WHAT IS NEEDED =>
Print the lines in the listing below starting at the line with "Осенние ретро кремовые" and ending at the line with "在42家广州地区医疗卫生机构", both included. Reproduce them exactly and omit every picture.

EXCERPTED DATA =>
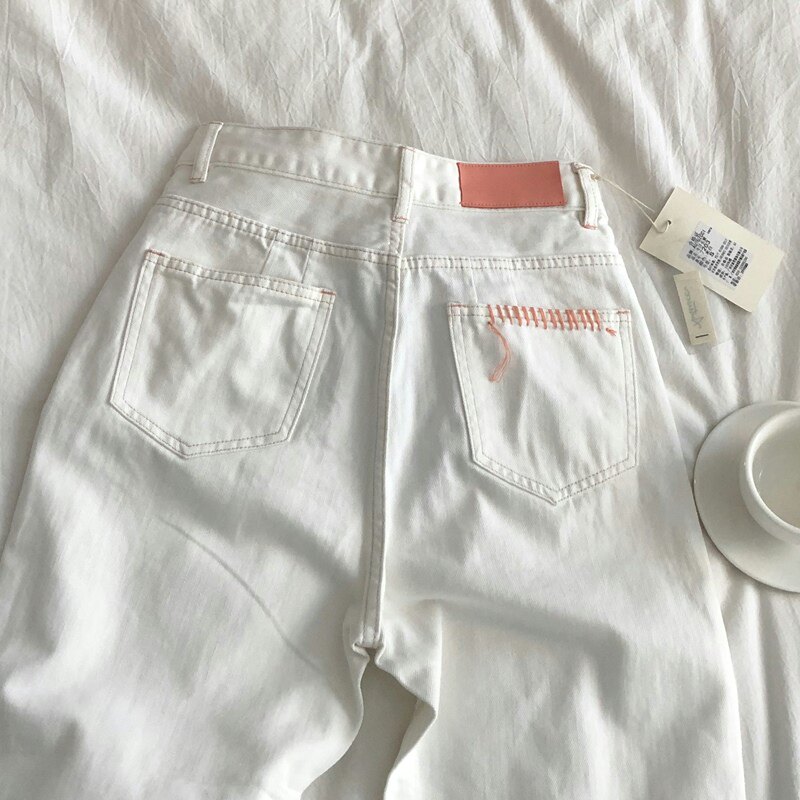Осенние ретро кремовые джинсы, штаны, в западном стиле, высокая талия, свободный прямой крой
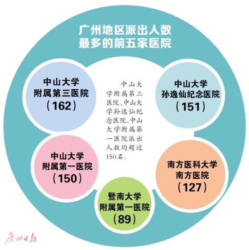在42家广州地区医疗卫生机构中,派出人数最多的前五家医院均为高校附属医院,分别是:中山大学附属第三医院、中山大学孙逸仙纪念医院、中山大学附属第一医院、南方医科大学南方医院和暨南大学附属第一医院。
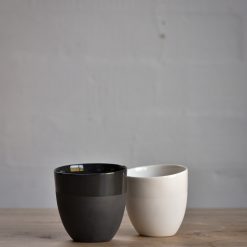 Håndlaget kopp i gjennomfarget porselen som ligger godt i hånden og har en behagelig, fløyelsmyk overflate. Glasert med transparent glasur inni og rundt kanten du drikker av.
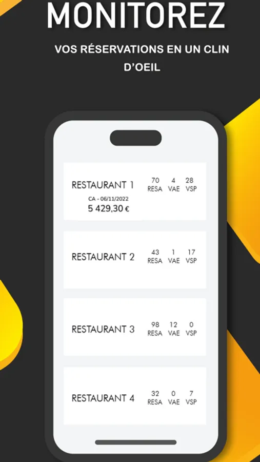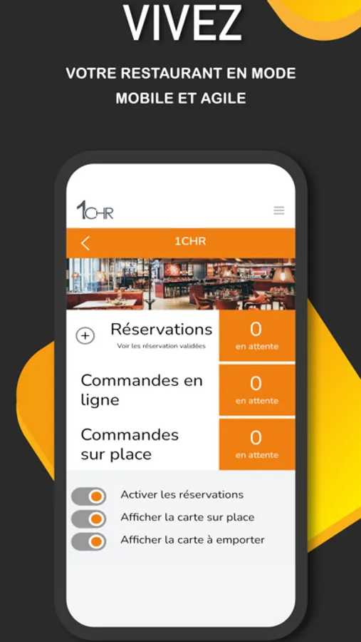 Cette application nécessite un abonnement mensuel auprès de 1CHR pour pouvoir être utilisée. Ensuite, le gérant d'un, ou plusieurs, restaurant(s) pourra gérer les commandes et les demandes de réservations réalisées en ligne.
* * *
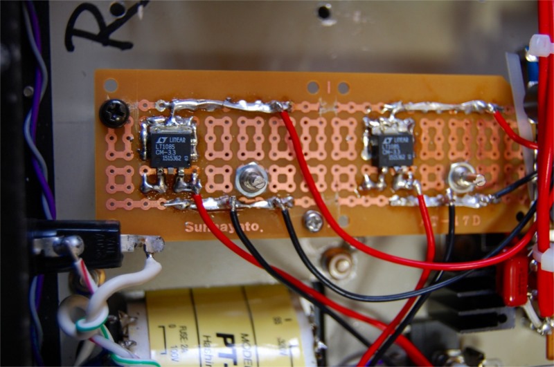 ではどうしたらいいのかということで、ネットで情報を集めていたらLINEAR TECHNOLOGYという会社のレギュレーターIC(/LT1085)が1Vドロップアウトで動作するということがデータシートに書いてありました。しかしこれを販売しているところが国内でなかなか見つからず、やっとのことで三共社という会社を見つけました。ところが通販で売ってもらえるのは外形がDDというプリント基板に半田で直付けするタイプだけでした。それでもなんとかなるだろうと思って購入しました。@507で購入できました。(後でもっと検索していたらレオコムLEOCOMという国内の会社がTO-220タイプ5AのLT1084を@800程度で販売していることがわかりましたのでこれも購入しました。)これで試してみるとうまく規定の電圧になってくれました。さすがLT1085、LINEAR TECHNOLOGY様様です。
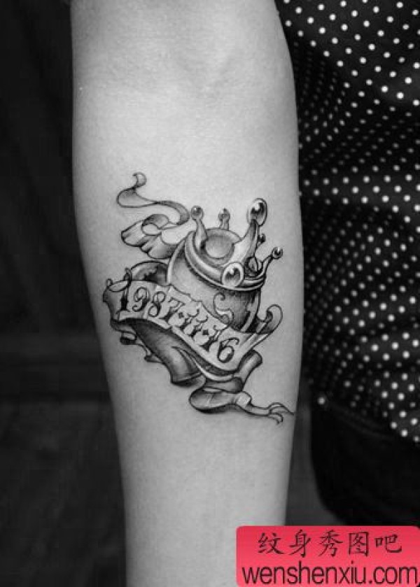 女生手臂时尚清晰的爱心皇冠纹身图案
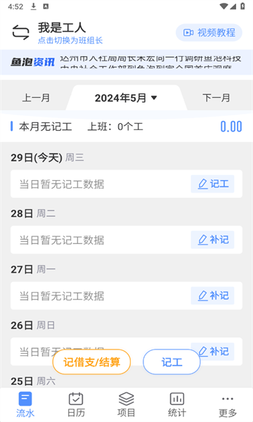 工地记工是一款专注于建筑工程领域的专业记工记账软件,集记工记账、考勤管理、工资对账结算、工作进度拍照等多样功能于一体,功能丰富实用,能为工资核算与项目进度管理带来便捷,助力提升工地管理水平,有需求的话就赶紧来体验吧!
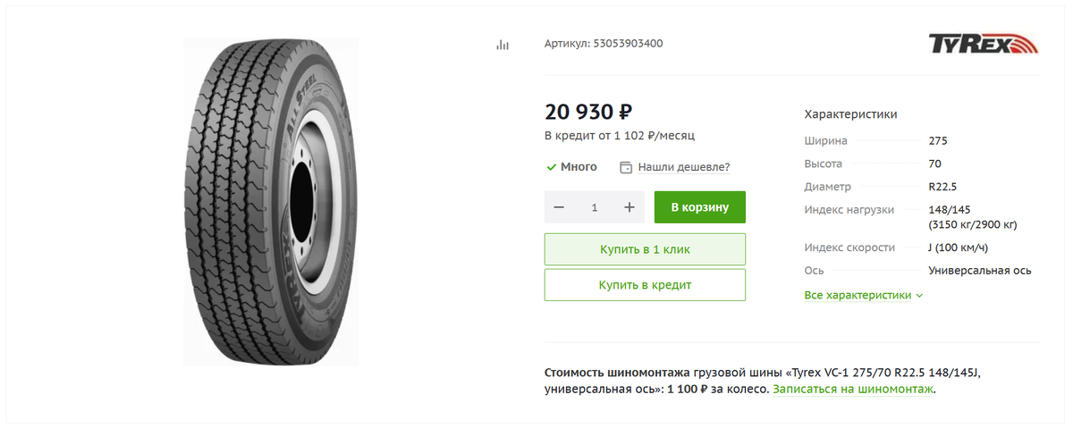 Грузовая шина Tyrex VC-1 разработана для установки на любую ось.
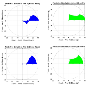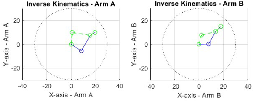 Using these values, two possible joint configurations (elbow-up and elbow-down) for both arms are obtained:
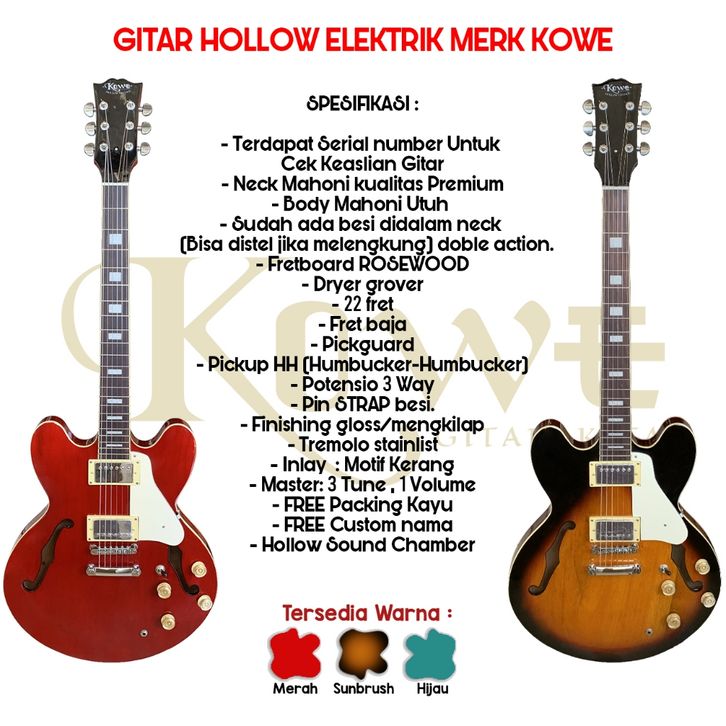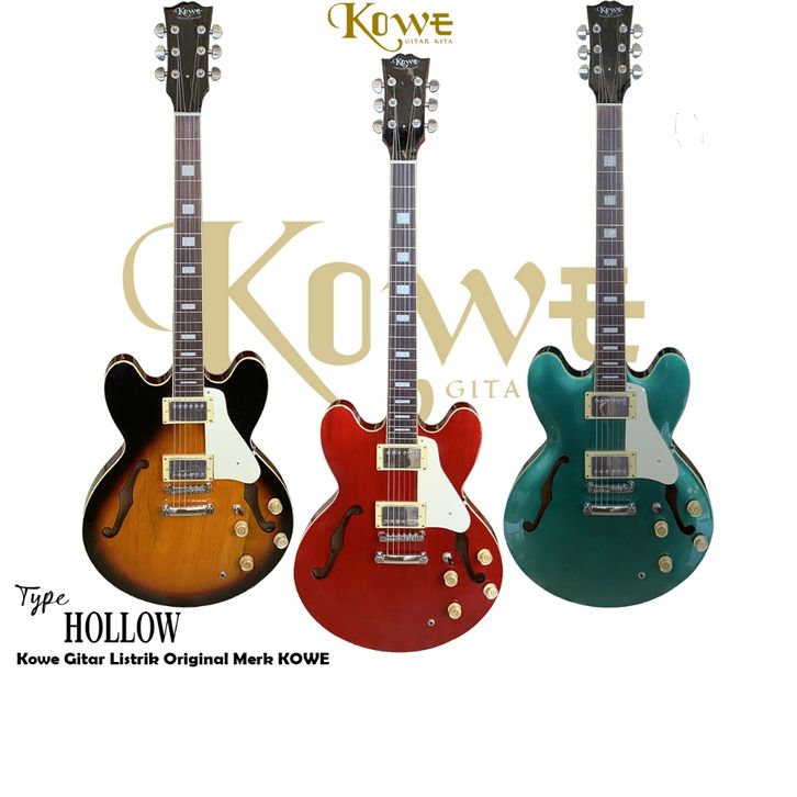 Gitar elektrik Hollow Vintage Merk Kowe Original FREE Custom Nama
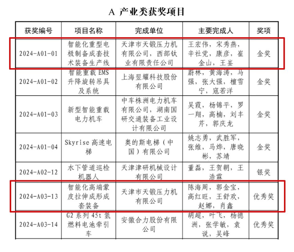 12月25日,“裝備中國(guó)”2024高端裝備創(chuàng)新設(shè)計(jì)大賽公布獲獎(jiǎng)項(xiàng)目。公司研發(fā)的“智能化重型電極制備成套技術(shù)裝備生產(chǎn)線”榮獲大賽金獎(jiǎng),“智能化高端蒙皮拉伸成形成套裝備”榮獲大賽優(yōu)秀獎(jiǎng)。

RESULT FOR THIS EXERCISE =>
Осенние ретро кремовые джинсы, штаны, в западном стиле, высокая талия, свободный прямой крой
在42家广州地区医疗卫生机构中,派出人数最多的前五家医院均为高校附属医院,分别是:中山大学附属第三医院、中山大学孙逸仙纪念医院、中山大学附属第一医院、南方医科大学南方医院和暨南大学附属第一医院。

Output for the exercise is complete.